● **REQUIREMENT**
In the material below, find all lines with the string "Great" and copy them.

● **DATA FOR PROCESSING**
= Beginning of Section =

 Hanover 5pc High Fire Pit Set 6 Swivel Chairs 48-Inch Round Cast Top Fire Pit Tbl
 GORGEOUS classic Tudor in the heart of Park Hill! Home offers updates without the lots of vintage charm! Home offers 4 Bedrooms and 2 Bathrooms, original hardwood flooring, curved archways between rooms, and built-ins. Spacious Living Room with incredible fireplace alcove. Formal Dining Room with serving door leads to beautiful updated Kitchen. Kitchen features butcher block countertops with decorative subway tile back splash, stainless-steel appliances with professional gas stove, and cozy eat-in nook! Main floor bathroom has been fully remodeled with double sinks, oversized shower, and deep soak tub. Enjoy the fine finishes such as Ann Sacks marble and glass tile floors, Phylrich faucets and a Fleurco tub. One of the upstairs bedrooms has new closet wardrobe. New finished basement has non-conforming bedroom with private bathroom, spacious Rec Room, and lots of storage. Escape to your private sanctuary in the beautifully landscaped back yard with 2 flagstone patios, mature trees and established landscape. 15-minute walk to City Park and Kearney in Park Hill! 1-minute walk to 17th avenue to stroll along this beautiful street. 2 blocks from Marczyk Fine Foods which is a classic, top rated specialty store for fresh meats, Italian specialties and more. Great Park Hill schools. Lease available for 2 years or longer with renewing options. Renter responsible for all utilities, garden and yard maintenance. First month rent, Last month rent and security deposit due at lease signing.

= End of Section =
= Beginning of Section =

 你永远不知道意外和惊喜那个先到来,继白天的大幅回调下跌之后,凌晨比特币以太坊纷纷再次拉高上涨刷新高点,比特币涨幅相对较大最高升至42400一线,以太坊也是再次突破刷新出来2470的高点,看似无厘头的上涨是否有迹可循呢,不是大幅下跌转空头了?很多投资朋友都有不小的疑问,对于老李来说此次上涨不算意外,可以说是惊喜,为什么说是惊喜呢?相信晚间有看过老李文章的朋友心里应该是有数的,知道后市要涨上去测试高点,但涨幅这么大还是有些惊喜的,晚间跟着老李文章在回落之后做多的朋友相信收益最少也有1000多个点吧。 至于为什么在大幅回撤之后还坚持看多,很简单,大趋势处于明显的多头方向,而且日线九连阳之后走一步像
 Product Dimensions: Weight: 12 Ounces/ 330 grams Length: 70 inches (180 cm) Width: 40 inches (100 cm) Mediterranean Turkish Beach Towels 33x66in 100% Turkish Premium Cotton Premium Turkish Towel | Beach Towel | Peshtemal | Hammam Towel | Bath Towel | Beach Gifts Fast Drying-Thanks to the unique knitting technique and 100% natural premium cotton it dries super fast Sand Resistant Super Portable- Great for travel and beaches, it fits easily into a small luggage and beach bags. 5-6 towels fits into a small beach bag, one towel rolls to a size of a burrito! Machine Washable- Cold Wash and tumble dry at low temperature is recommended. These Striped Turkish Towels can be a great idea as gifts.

= End of Section =

● **ANSWER SPACE**
 GORGEOUS classic Tudor in the heart of Park Hill! Home offers updates without the lots of vintage charm! Home offers 4 Bedrooms and 2 Bathrooms, original hardwood flooring, curved archways between rooms, and built-ins. Spacious Living Room with incredible fireplace alcove. Formal Dining Room with serving door leads to beautiful updated Kitchen. Kitchen features butcher block countertops with decorative subway tile back splash, stainless-steel appliances with professional gas stove, and cozy eat-in nook! Main floor bathroom has been fully remodeled with double sinks, oversized shower, and deep soak tub. Enjoy the fine finishes such as Ann Sacks marble and glass tile floors, Phylrich faucets and a Fleurco tub. One of the upstairs bedrooms has new closet wardrobe. New finished basement has non-conforming bedroom with private bathroom, spacious Rec Room, and lots of storage. Escape to your private sanctuary in the beautifully landscaped back yard with 2 flagstone patios, mature trees and established landscape. 15-minute walk to City Park and Kearney in Park Hill! 1-minute walk to 17th avenue to stroll along this beautiful street. 2 blocks from Marczyk Fine Foods which is a classic, top rated specialty store for fresh meats, Italian specialties and more. Great Park Hill schools. Lease available for 2 years or longer with renewing options. Renter responsible for all utilities, garden and yard maintenance. First month rent, Last month rent and security deposit due at lease signing.
 Product Dimensions: Weight: 12 Ounces/ 330 grams Length: 70 inches (180 cm) Width: 40 inches (100 cm) Mediterranean Turkish Beach Towels 33x66in 100% Turkish Premium Cotton Premium Turkish Towel | Beach Towel | Peshtemal | Hammam Towel | Bath Towel | Beach Gifts Fast Drying-Thanks to the unique knitting technique and 100% natural premium cotton it dries super fast Sand Resistant Super Portable- Great for travel and beaches, it fits easily into a small luggage and beach bags. 5-6 towels fits into a small beach bag, one towel rolls to a size of a burrito! Machine Washable- Cold Wash and tumble dry at low temperature is recommended. These Striped Turkish Towels can be a great idea as gifts.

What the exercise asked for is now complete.